Please return exactly the lines from the top of the data through the line that contains "A dollar bill", and skip all pictures.

[Information shown — start]

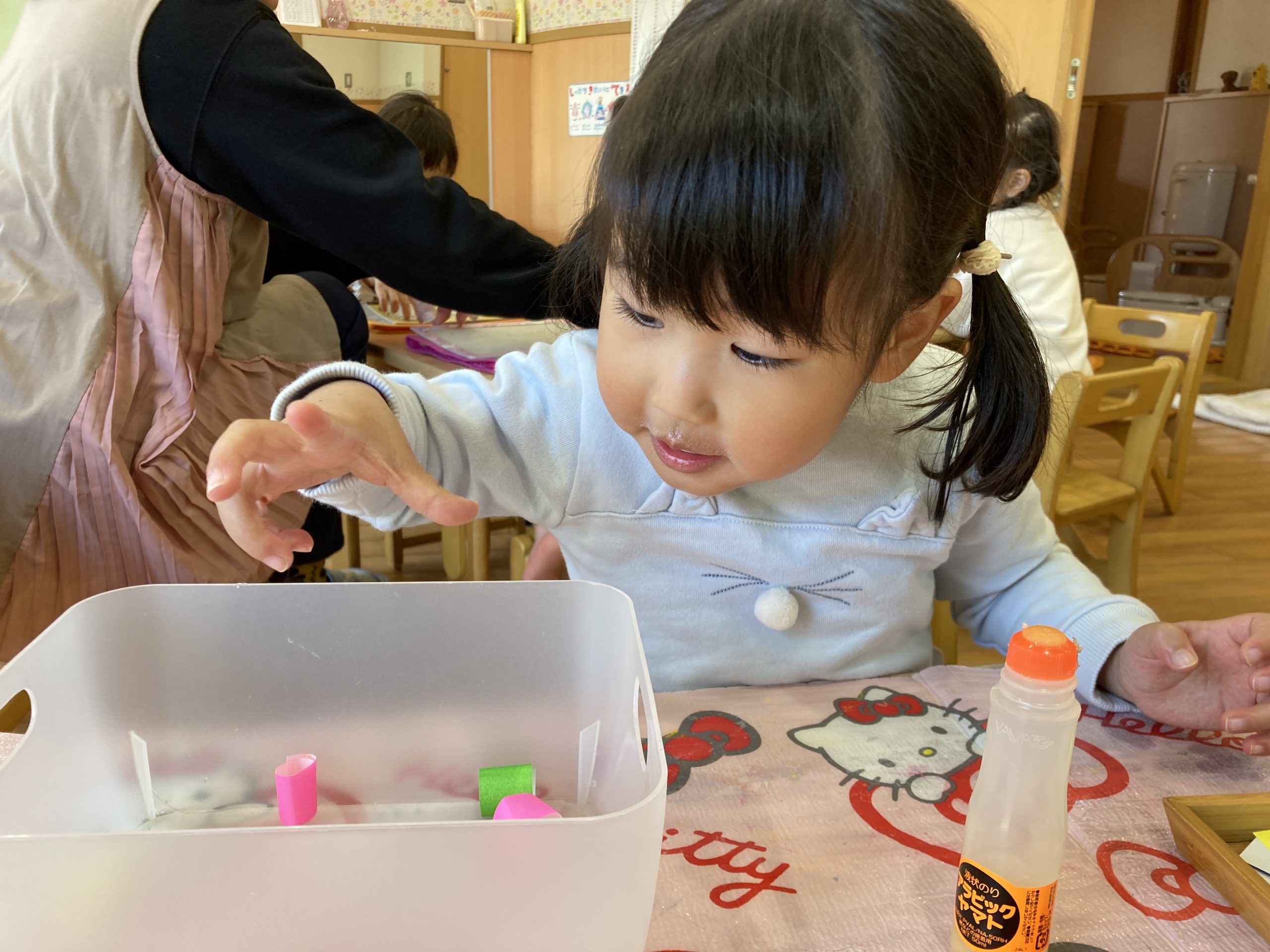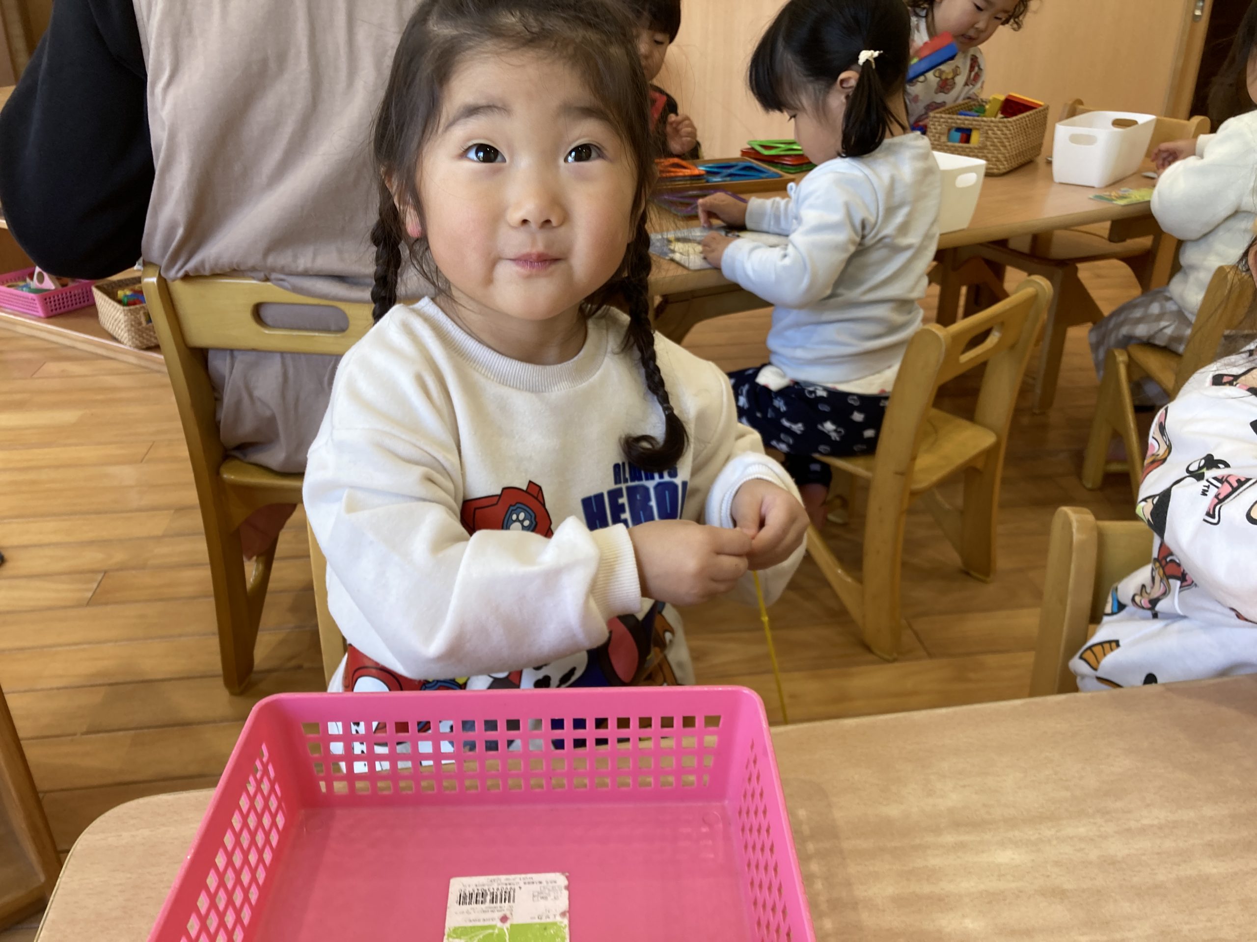 今日は、昨日に引き続き、お面作りをしました👹お面作りが終わると、ぞれぞれ好きな遊びをしながら楽しく過ごしていましたよ🎵
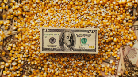 A dollar bill rests on a mound of corn, a staple ingredient in many cuisines. Corn is a natural food that grows from seeds and is used in various dishes as a versatile and nutritious grain
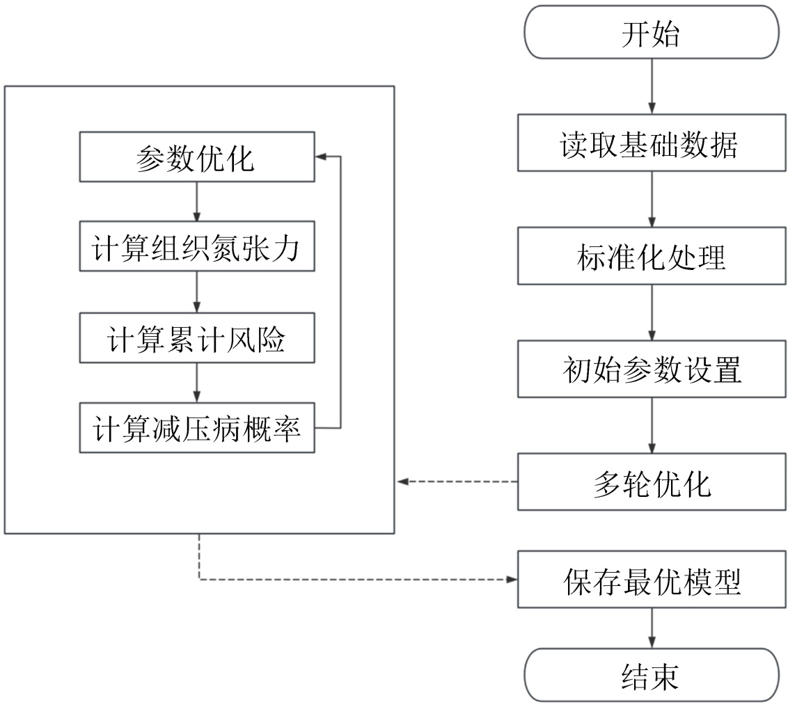 6) 模型保存:筛选出对数似然值最大的模型,使用已拟合的最优参数,计算每个潜水计划的DCS概率,将概率模型最优参数、预测DCS结果保存。
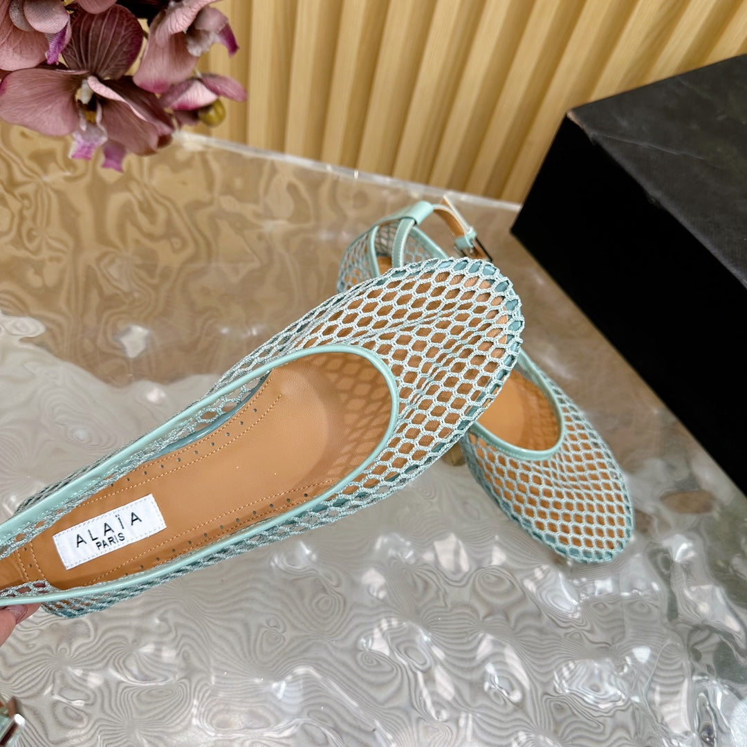 Alaila Mary Jane In Light Jade Green Mesh Fabric 996075

[Information shown — finish]

Answer space:
 今日は、昨日に引き続き、お面作りをしました👹お面作りが終わると、ぞれぞれ好きな遊びをしながら楽しく過ごしていましたよ🎵
 A dollar bill rests on a mound of corn, a staple ingredient in many cuisines. Corn is a natural food that grows from seeds and is used in various dishes as a versatile and nutritious grain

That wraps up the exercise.